Q 4. Subtract 5 from 2 using the number line

Ans: Here the first number is 2 and the second number is 5; both are positive. First, locate 2 on the number line. Then moving 5 places to the left will give us -3.

Subtraction on Number Line

### Practice Questions

Q 1. When -2 is added to 8, keeping 8 as the reference, we move by ____ on the number line.

Ans: 2 units towards the left

Q 2. Which way do we move on the number line when we add a positive number?

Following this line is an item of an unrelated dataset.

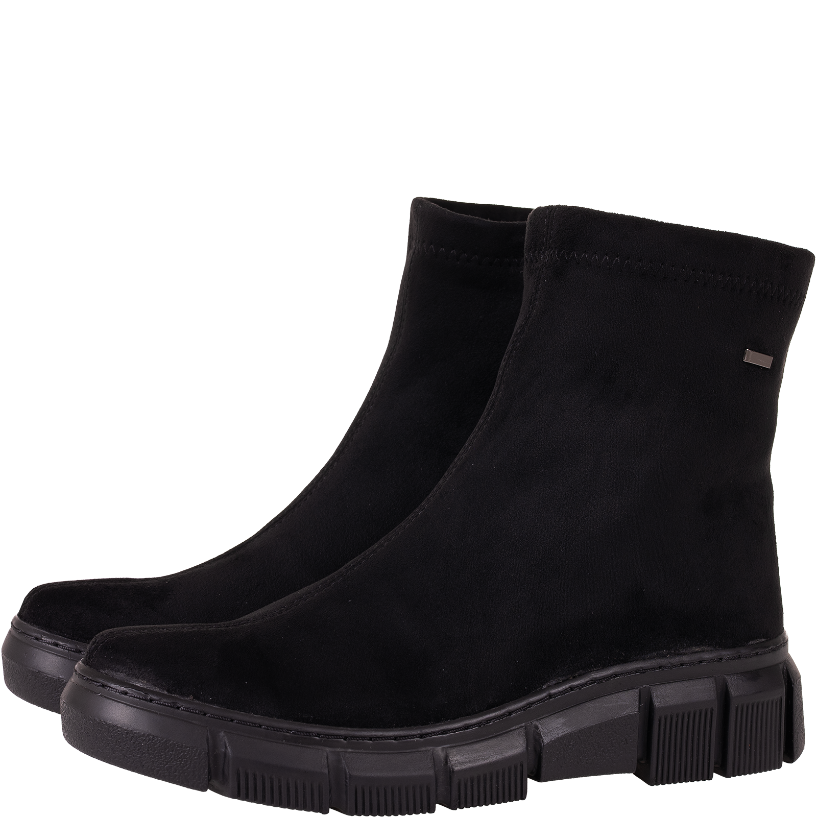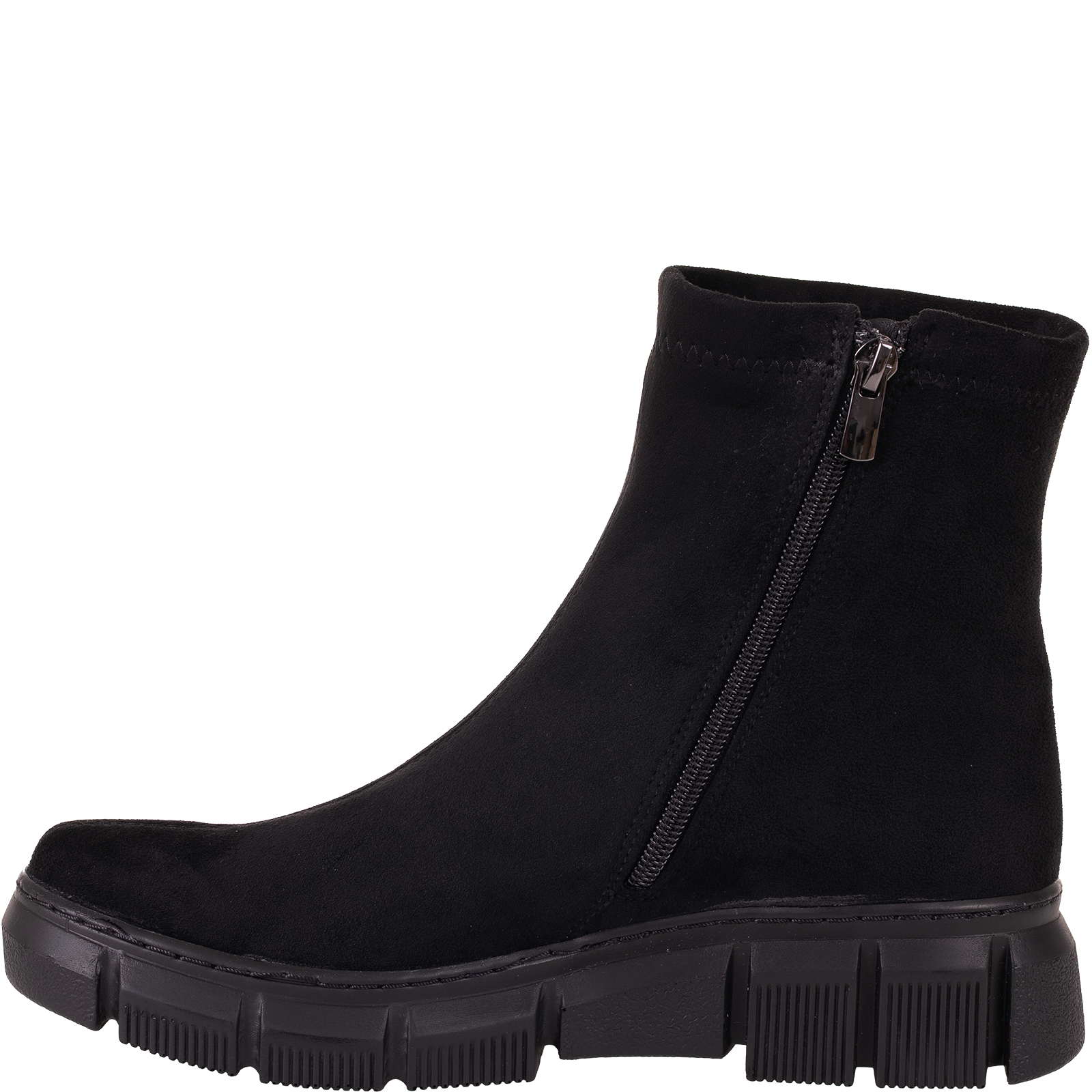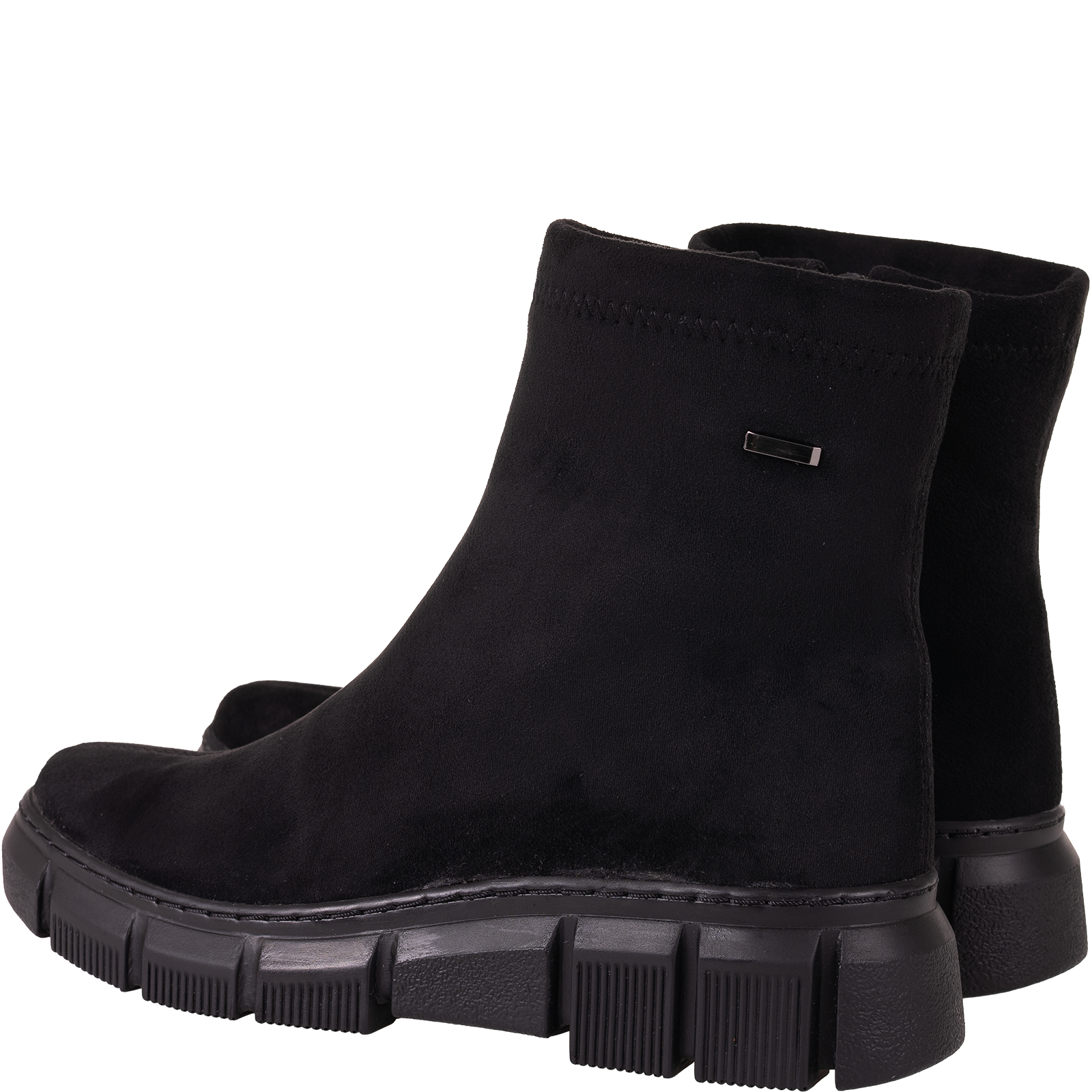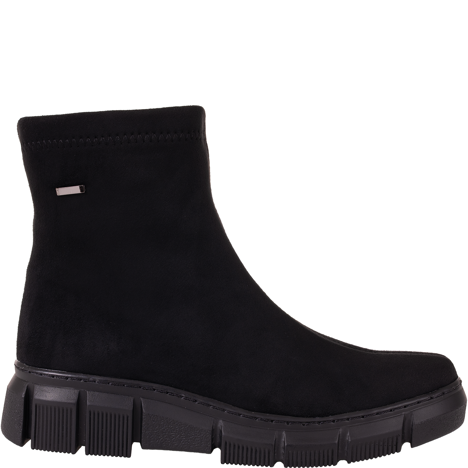 Model Syrena SH Komfort 506S to propozycja dla kobiet, które cenią modny wygląd, lekkość oraz wygodę na co dzień. Te czarne botki wykonane są z elastycznej tkaniny stretch przypominającej delikatny zamsz, dzięki czemu świetnie dopasowują się do stopy i prezentują się wyjątkowo elegancko.

Ans: Right of the number line

Q 3. Which way do the negative numbers are placed to the zero?

Ans: To the left

Q 4. Which way do the positive numbers lie to the zero?

Ans: To the right

Q 5. The addition of 8 and 1 in the number line is____

Ans: 9

## Summary

Integers are plotted on a number line by adhering to the following fundamental guidelines: all positive numbers higher than zero, like $1,2,3, \ldots$, etc., are plotted to the right of zero, while all negative integers less than zero, like, $-1,-2,-3, \ldots$ etc., are plotted to the left of zero. The integer zero is precisely displayed in the middle. As an illustration, the integer 3 is plotted to the right of 0 , whereas the value $-4$ is drawn to the left of 0.

## FAQs on Representation of Integers on Number Line

1. What is the number line in fraction?

A fraction on a number line is a graphic representation of fractions. It is accomplished by plotting the given fraction(s) on a number line where the section or distance between two integers is divided into equal portions equal to the given fraction's denominator.

2. Can whole numbers be represented on a number line?

Yes, whole numbers can be represented on a number line.

3. Who created the number line?

The concept of the number line was developed by Napier (1616). John Wallis introduced the number line into his algebra.